Take the lines in the listing below from the line with "The all bends" up to and including the line with "Spooky chic plates" and set them down exactly, skipping pictures and adding nothing.

++++++++++

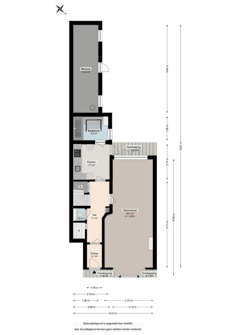 Entree (ca. 2 m²) met hal (ca. 7 m²), toegang tot het separate toilet, de trapopgang en de dichte keuken (ca. 8 m²) met inbouwapparatuur. Via de keuken bereik je de badkamer (ca. 5 m²) met douche/badcombinatie en wastafel. De lichte woonkamer (ca. 30 m²) heeft een prettige indeling met eetgedeelte. Vanuit zowel de keuken als het eetgedeelte stap je de zonnige tuin op het zuidwesten in.
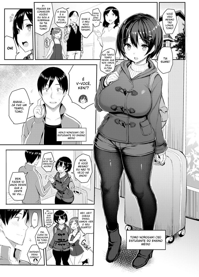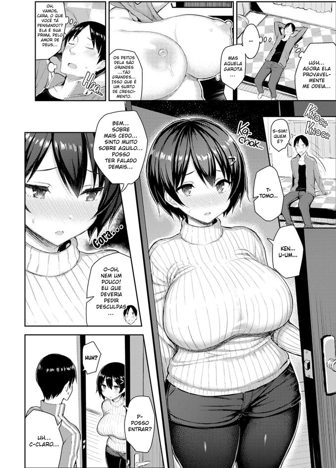 Na ultima ferias que esse sortudo teve sua prima mais velha que cresceu com ele foi fazer uma visita para ele. Como ela mora longe e fazia tempo que eles não se viam ela aproveitou o feriado e foi até lá. Então quando ele vê ela, ele vê como ela cresceu e como está gostosa agora. Então mais tarde naquela noite Kenji decide ir tomar banho. Mas quando ele abre a porta do banheiro sua prima estava lá peladinha.
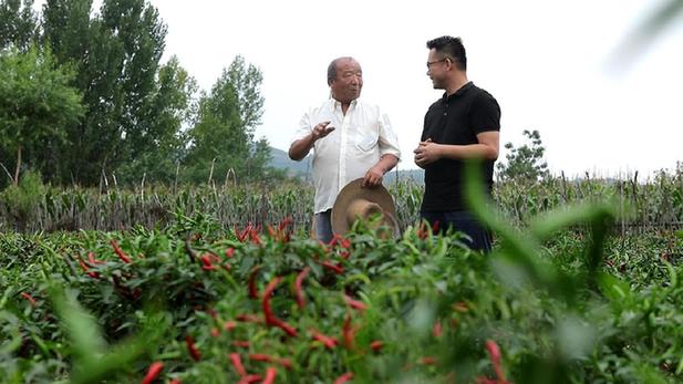山西平顺脱贫特派员聂星华(右二)与菜农交流电商、直播
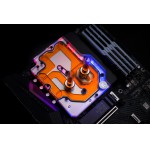 This monoblock uses the latest generation of EK cooling engine used on the Quantum lineup to ensure the best possible CPU cooling while not reducing flow to other components. This water block directly cools the AM4 socket type CPU, as well as the voltage regulation (MOSFET) module. Liquid flows directly over all critical areas, providing the enthusiasts with a great solution for high and stable overclocks. Like with every EK monoblock, the EK-Quantum Momentum Aorus X570 Elite D-RGB  features a high flow design and it can be easily used with the system using a weaker water pump or lower pump speed settings as well. The Momentum monoblock also comes with sophisticated D-RGB (addressable) lightning which connects to an RGB Fusion 2.0 header.
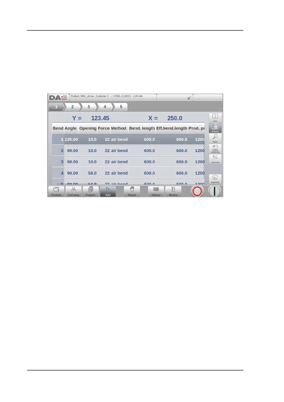 The all bends view mode shows a table including all bend data. The bends are shown row
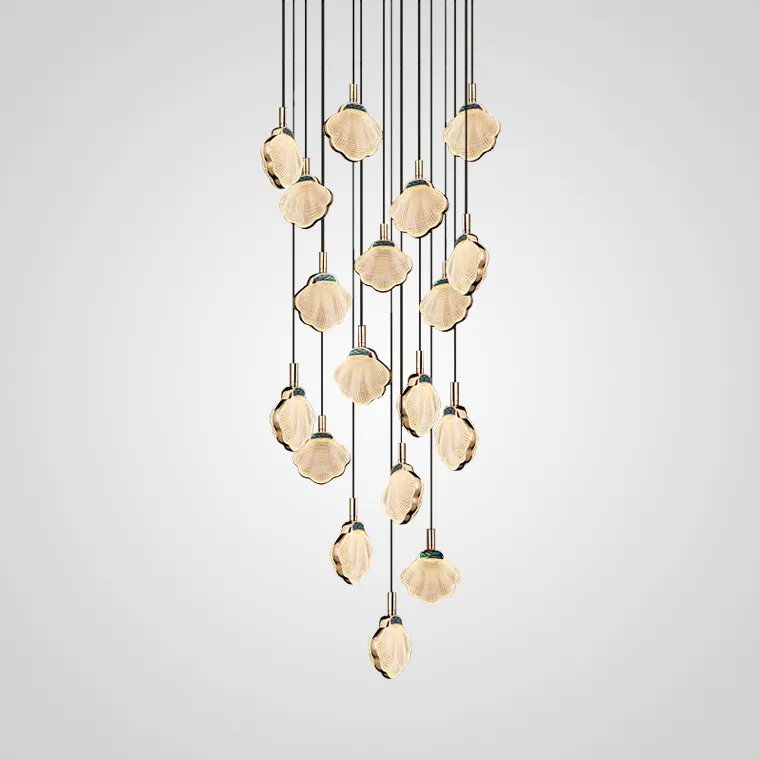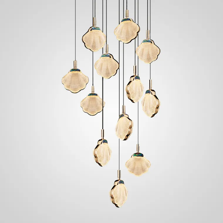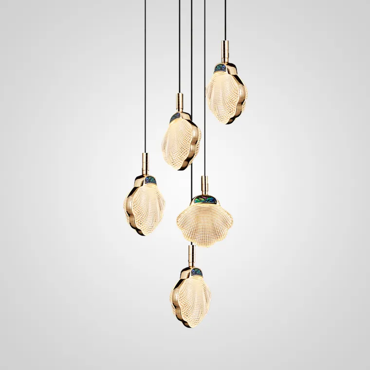 Готовая комбинация подвесных светодиодных светильников с рельефными плафонами в форме ракушек с перламутровыми вставками
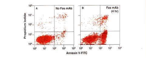 下圖給出的是在使用FAS單抗誘導前後的檢測結果,橫坐標是Annexin-V FITC, 縱坐標是PI,左上、右上、左下、右下四個象限中右上象限代表死亡的細胞,左下象限是存活的細胞,右下象限是凋亡的細胞。
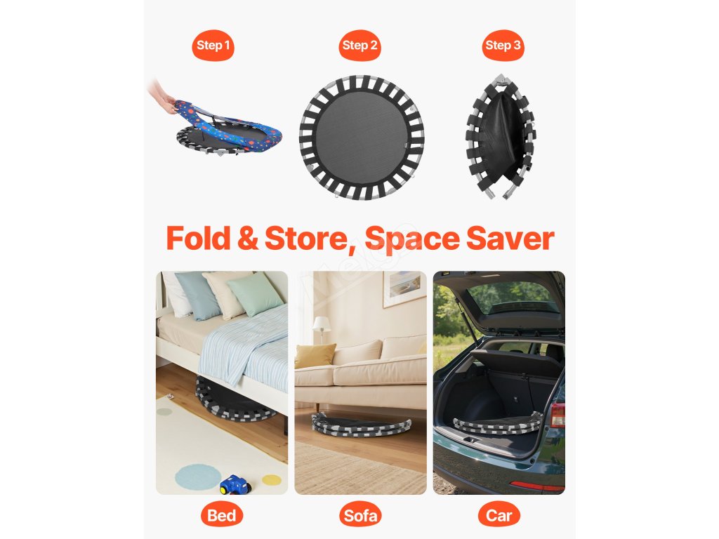 Díky skládací konstrukci se naše mini dětská trampolína pro batolata snadno přenáší, takže děti mohou skákat, kdekoli se jim zlíbí. Pro úsporu místa ji lze uložit pod pohovku nebo do kufru auta.
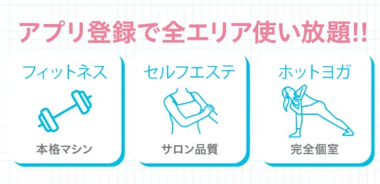 様々なご要望にお応えするため、セルフエステ・フィットネス・個室ホットヨガ・ピラティスなど、多彩なコンテンツをご用意。すべて追加料金不要で使い放題なので、目的や気分に合わせて自由にご利用いただけます。
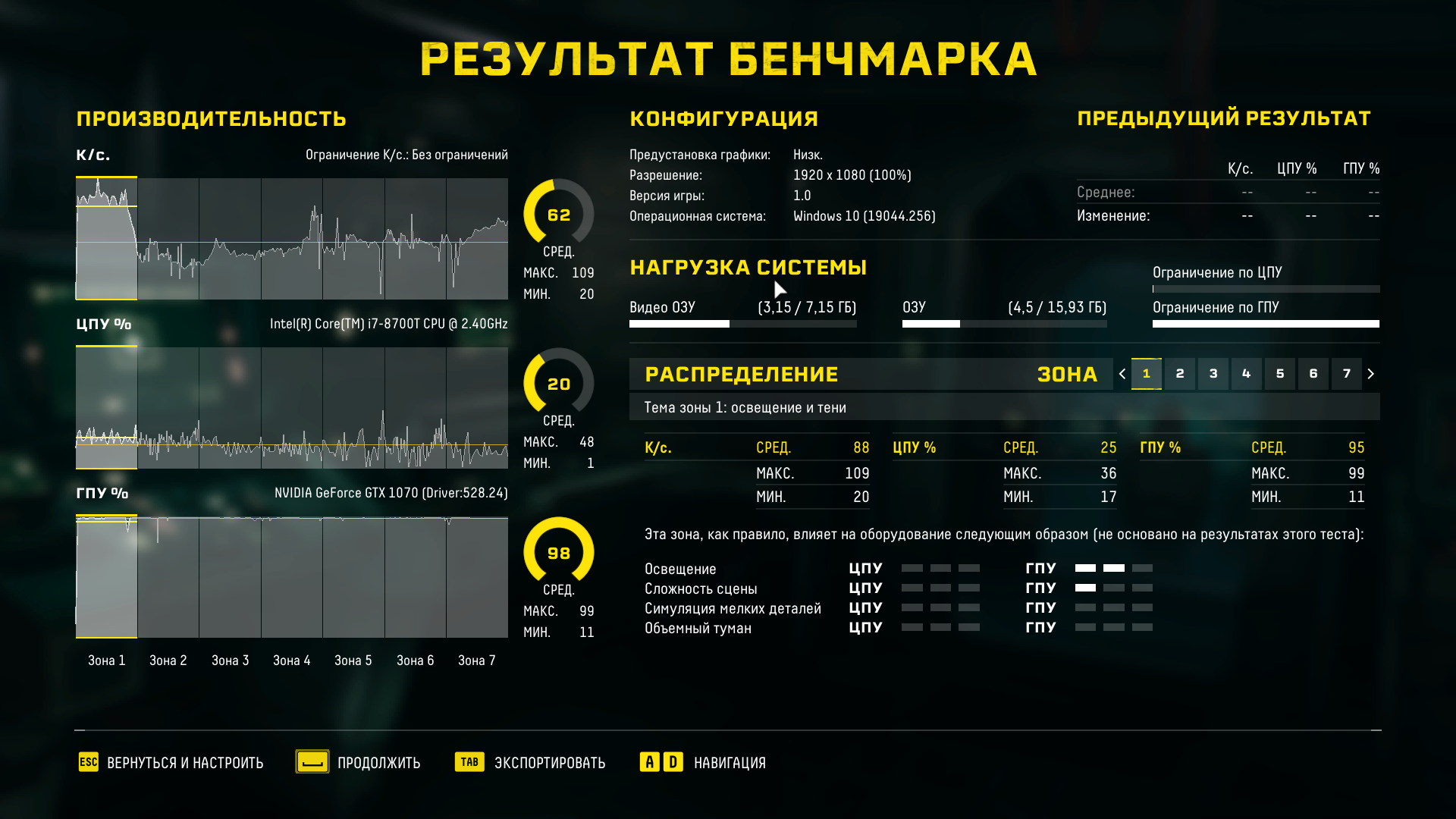 После запуска, игра посчитала, что настройки мне просто необходимы минимальные. Я в курсе слухов об "оптимизации" в игре и согласился. Тут имеется встроенный бенчмарк. Вот, что выдал он на минимальных настройках:
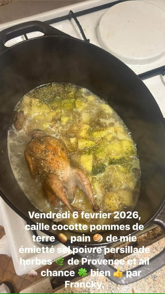 Vendredi 6 février 2026, on épluche et coupez les patates, on mets la caille à feux doux pendant 25 minutes et on retourne la caille toute les 4 minutes, ensuite on mets les patates, ensuite, ail , persillade, et herbes de Provence, 5 minutes avant la fin de cuisson , on émiette du pain de mie dans la cocotte, et on remue souvent, Bon Appétit!
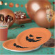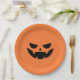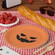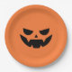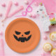 Spooky chic plates for your Halloween party feature a scary jack o lantern face on an orange pumpkin background.
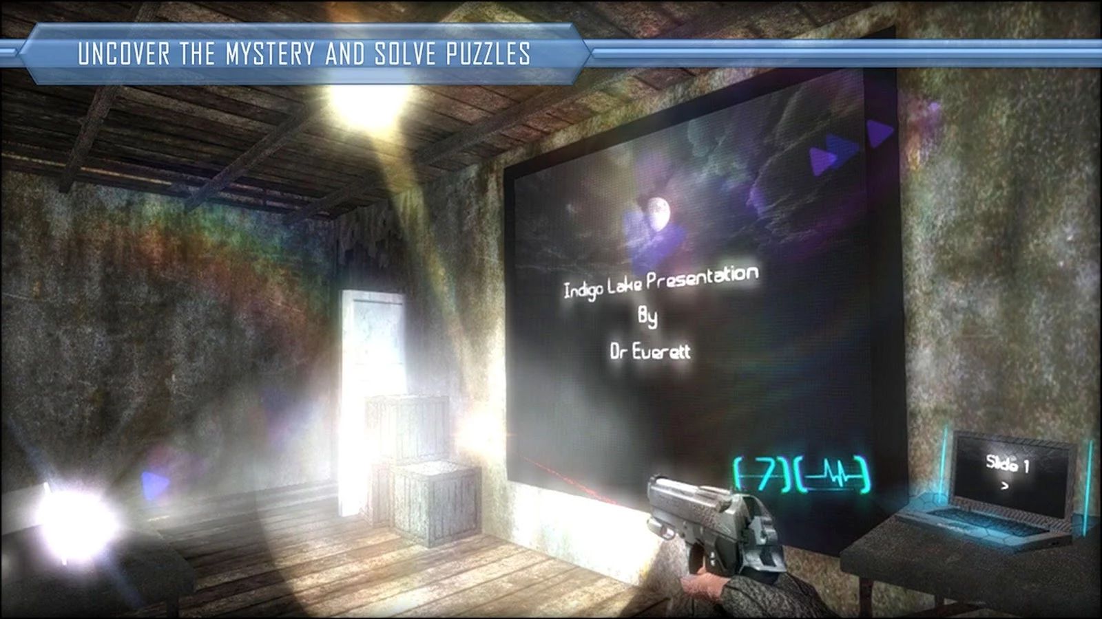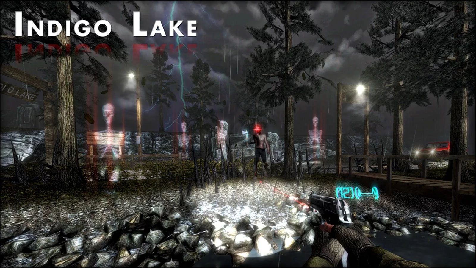 Как уже было сказано, в хорроре Indigo Lake реализован открытый мир, поэтому исследовать окрестности жуткого озера можно по своему усмотрению. Открытых для исследования территорий в игре действительно много. По окрестностям озера можно передвигаться на машине. В арсенале главного героя — пистолет и фонарик. Игроку предстоит разгадать тайны, которые оставили коренные жители Америки и найти пропавшего агента.
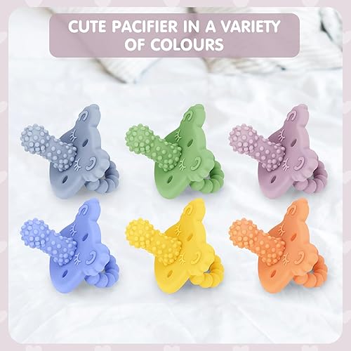 6-PACK OF PACIFIERS: The package contains 6 teething pacifiers in different colors: blue, green, yellow, orange, grey and pink, ready to be used as a spare when the pacifier is lost. Our teether pacifier is cute and fun, great baby gift for boys or girls.
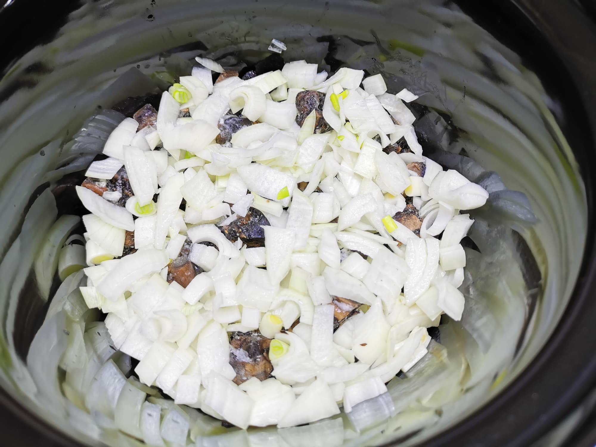 Далее мы тщательно перемешали содержимое кастрюли, накрыли ее крышкой и готовили в режиме «High» 3 часа.
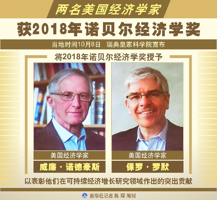 新華社斯德哥爾摩10月8日電(記者和苗 付一鳴)瑞典皇家科學院8日宣布,將2018年諾貝爾經(jīng)濟學獎授予美國經(jīng)濟學家威廉·諾德豪斯和保羅·羅默,以表彰他們在可持續(xù)經(jīng)濟增長研究領域作出的突出貢獻。

++++++++++

* RESPONSE TO THIS EXERCISE *
 The all bends view mode shows a table including all bend data. The bends are shown row
 Готовая комбинация подвесных светодиодных светильников с рельефными плафонами в форме ракушек с перламутровыми вставками
 下圖給出的是在使用FAS單抗誘導前後的檢測結果,橫坐標是Annexin-V FITC, 縱坐標是PI,左上、右上、左下、右下四個象限中右上象限代表死亡的細胞,左下象限是存活的細胞,右下象限是凋亡的細胞。
 Díky skládací konstrukci se naše mini dětská trampolína pro batolata snadno přenáší, takže děti mohou skákat, kdekoli se jim zlíbí. Pro úsporu místa ji lze uložit pod pohovku nebo do kufru auta.
 様々なご要望にお応えするため、セルフエステ・フィットネス・個室ホットヨガ・ピラティスなど、多彩なコンテンツをご用意。すべて追加料金不要で使い放題なので、目的や気分に合わせて自由にご利用いただけます。
 После запуска, игра посчитала, что настройки мне просто необходимы минимальные. Я в курсе слухов об "оптимизации" в игре и согласился. Тут имеется встроенный бенчмарк. Вот, что выдал он на минимальных настройках:
 Vendredi 6 février 2026, on épluche et coupez les patates, on mets la caille à feux doux pendant 25 minutes et on retourne la caille toute les 4 minutes, ensuite on mets les patates, ensuite, ail , persillade, et herbes de Provence, 5 minutes avant la fin de cuisson , on émiette du pain de mie dans la cocotte, et on remue souvent, Bon Appétit!
 Spooky chic plates for your Halloween party feature a scary jack o lantern face on an orange pumpkin background.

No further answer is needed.